Séminaire de Master : Document Recognition and Retrieval


Denis Lalanne & Rolf Ingold


Documents play an important role in everyday communication. With the ever-increasing use of the Web, a growing number of documents are published and accessed on-line. Unfortunately, document structures are not often considered, which considerably weaken users's browsing and searching experience.

There are many levels of abstraction in a document, conveyed by its various structures: thematic, physical, logical, relational or even temporal. In most of the search engines and information retrieval systems, this multi-layered structure is not taken into account; documents are indexed in the best case according to their thematic structure or simply represented as a bag of words. The form of the documents, i.e. their layout and logical structures, is underestimated and could carry important clues about how the document is organized, which could drastically improve indexing and retrieval.

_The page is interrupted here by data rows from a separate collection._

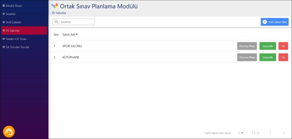 Öncelikle Sınav Planlama İstatistik Ve Analiz Uygulaması modülünde Ek Salonlar sayfasını açalım. Bu sayfada varsa daha önce oluşturduğunuz Ek Salonları veya sağ üst tarafta bulunan Yeni Salon Ekle butonundan oluşturacağınız yeni salonları görebilirsiniz.
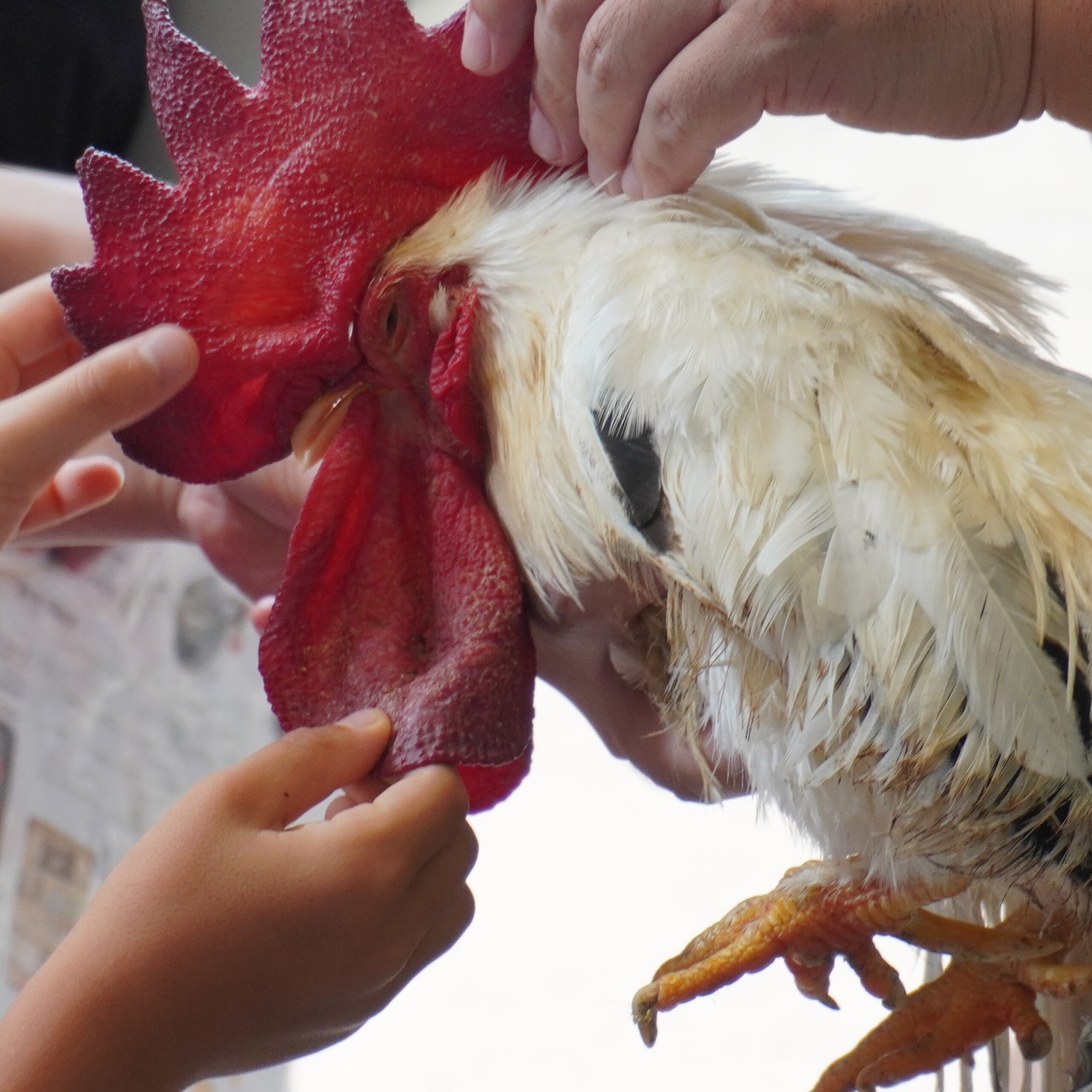 講演のあと、1階テラスで獣医さんからペットゲストのチャボのお話を聞き、実際に触れたり撫でたりと子どもたちにとても人気でした。
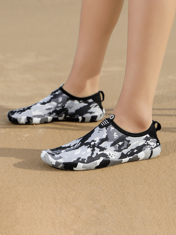 Une option légère et performante pour les activités aquatiques, nos chaussures d'eau / chaussures de natation unisexes flexibles et élastiques sont dotées d'une semelle extérieure en caoutchouc qui offre une résistance au glissement supérieure, d'un matériau en microfibre pour un ajustement parfait et d'une conception à séchage rapide pour une utilisation prolongée. Le motif camouflage et le design unisexe en font un incontournable pour tous les aventuriers amoureux de l'eau.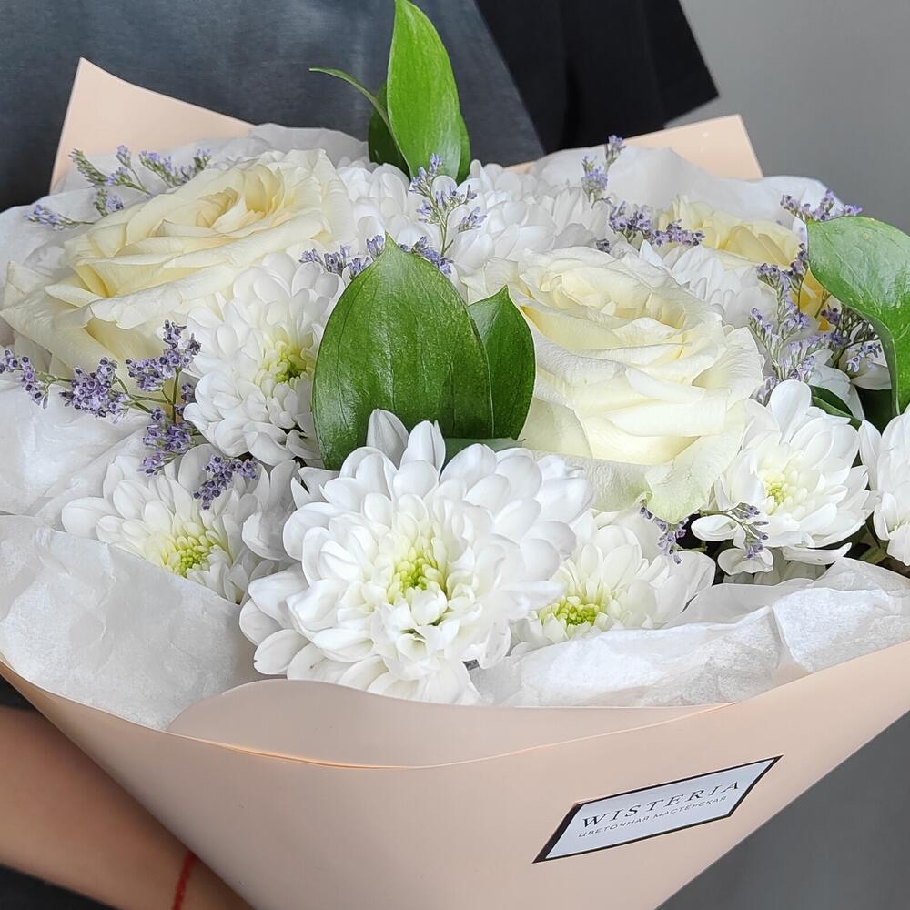 Букет ароматных роз, хризантемы и лилового лимониума "Нежность"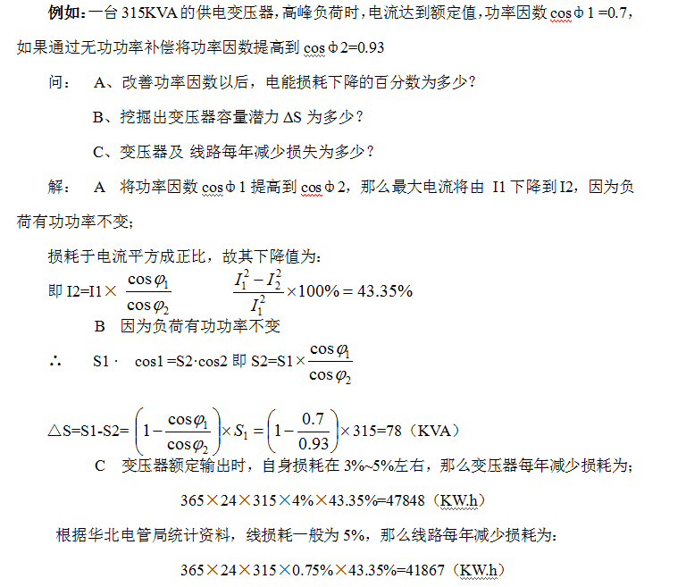 في حالة عدم وجود قدرة كافية في المحولات والخطوط ، يمكن استخدام طريقة تركيب أجهزة تعويض الطاقة التفاعلية. يمكن أن يؤدي تركيب أجهزة تعويض الطاقة التفاعلية إلى موازنة الطاقة التفاعلية محليًا ، وتقليل تدفق التيار عبر الخطوط والمحولات ، وإبطاء سرعة الشيخوخة لعزل الأسلاك والمحولات ، وإطالة عمر الخدمة. في الوقت نفسه ، يمكن أن تطلق قدرة المحولات والخطوط ، مما يزيد من قدرتها على حمل الحمولة. على سبيل المثال ، مع محول 100 كيلو فولت أمبير يعمل حاليًا بحمل 805 ٪ مع كوزافي من 0.7 ، يمكن أن يؤدي تركيب معدات تعويض الطاقة التفاعلية إلى زيادة سعة حمل المحول بنسبة 30 ٪. يمكن للمستخدمين زيادة حمولتهم دون توسيع السعة لتسهيل المزيد من التوسع في الإنتاج.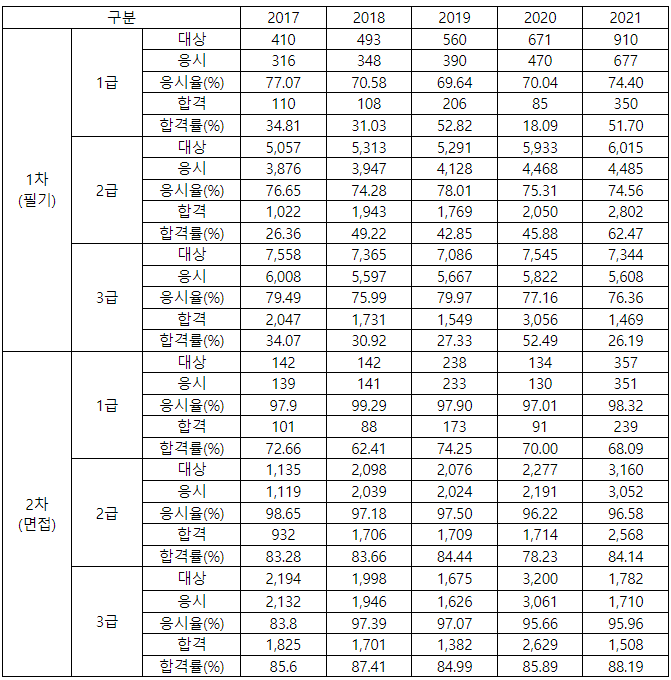 - 필수과목 (과목당 25문항) : 100점 만점 기준 각 과목당 40점 이상, 전 과목 평균 60점 이상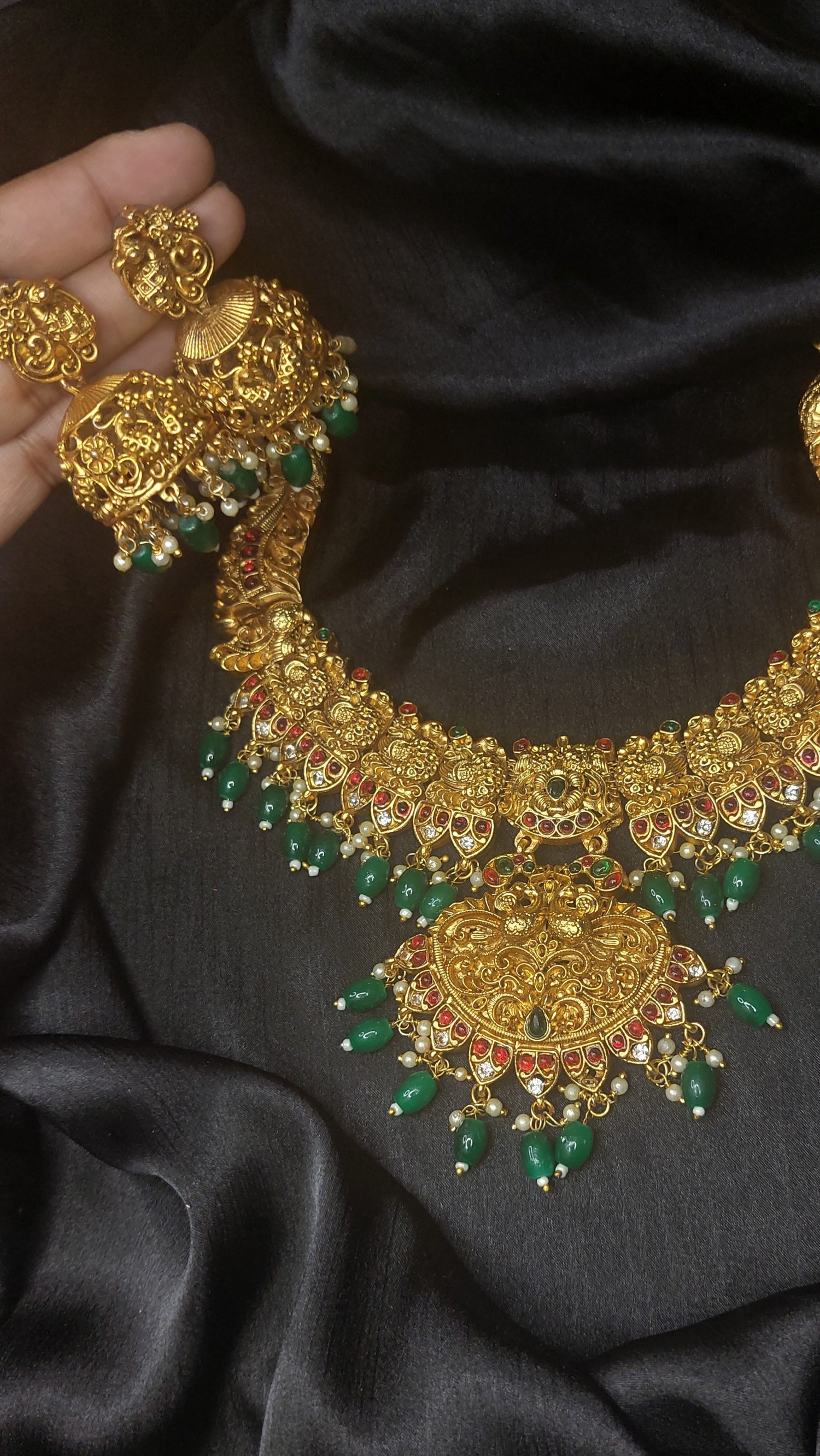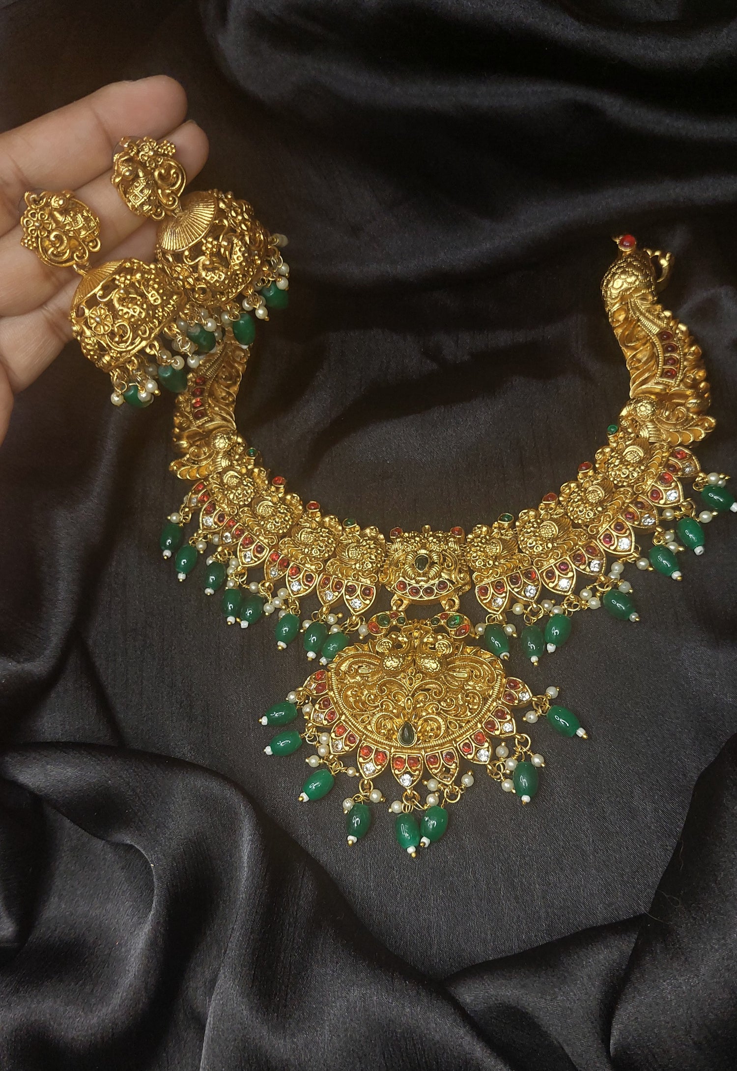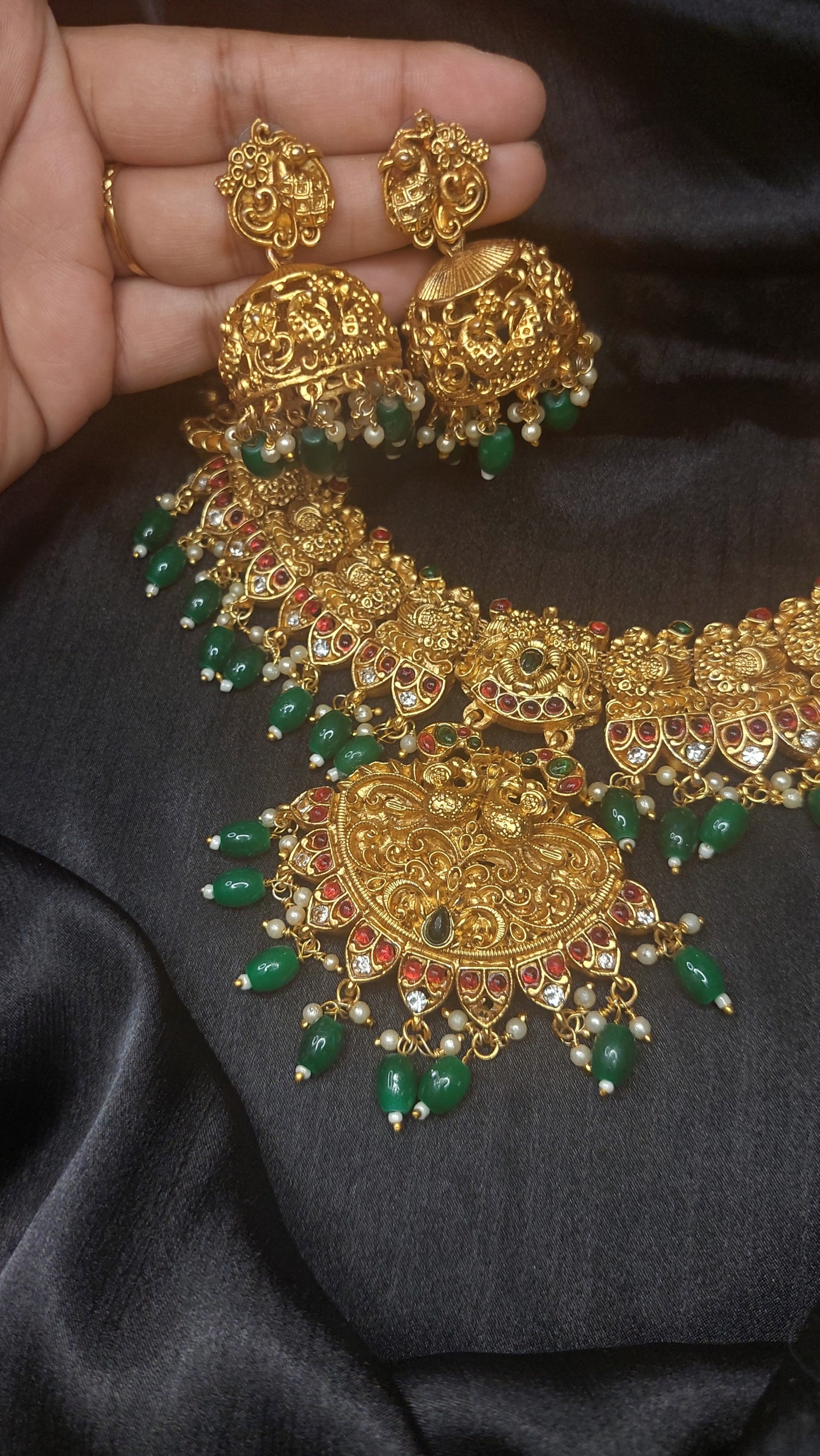 Matte gold finish short necklace with kemp stones and green beads. Comes as a set with matching jumkha style earrings.

We believe that the various document structures extraction will improve (a) documents indexing and retrieval and (b) linking with other media. In particular, we will see in this seminar how documents can be integrated in multimedia and multimodal applications and how document-based interfaces can improve searching and retrieval in multimedia databases.


  1. Document visualization
  2. Thematic/Topic segmentation of documents
  3. Document: Information/Content extraction and indexing
  4. Document modeling and formatting
  5. Document physical and logical structure extraction
  6. Document classification
When and what

  • Various internal speakers will present their works or views:
    • (Alphabetically) Ardhendu Behera, Karim Hadjar, Dalila Mekhaldi, Maurizio Rigamonti, etc.


  • Presentations will be in French, German or English.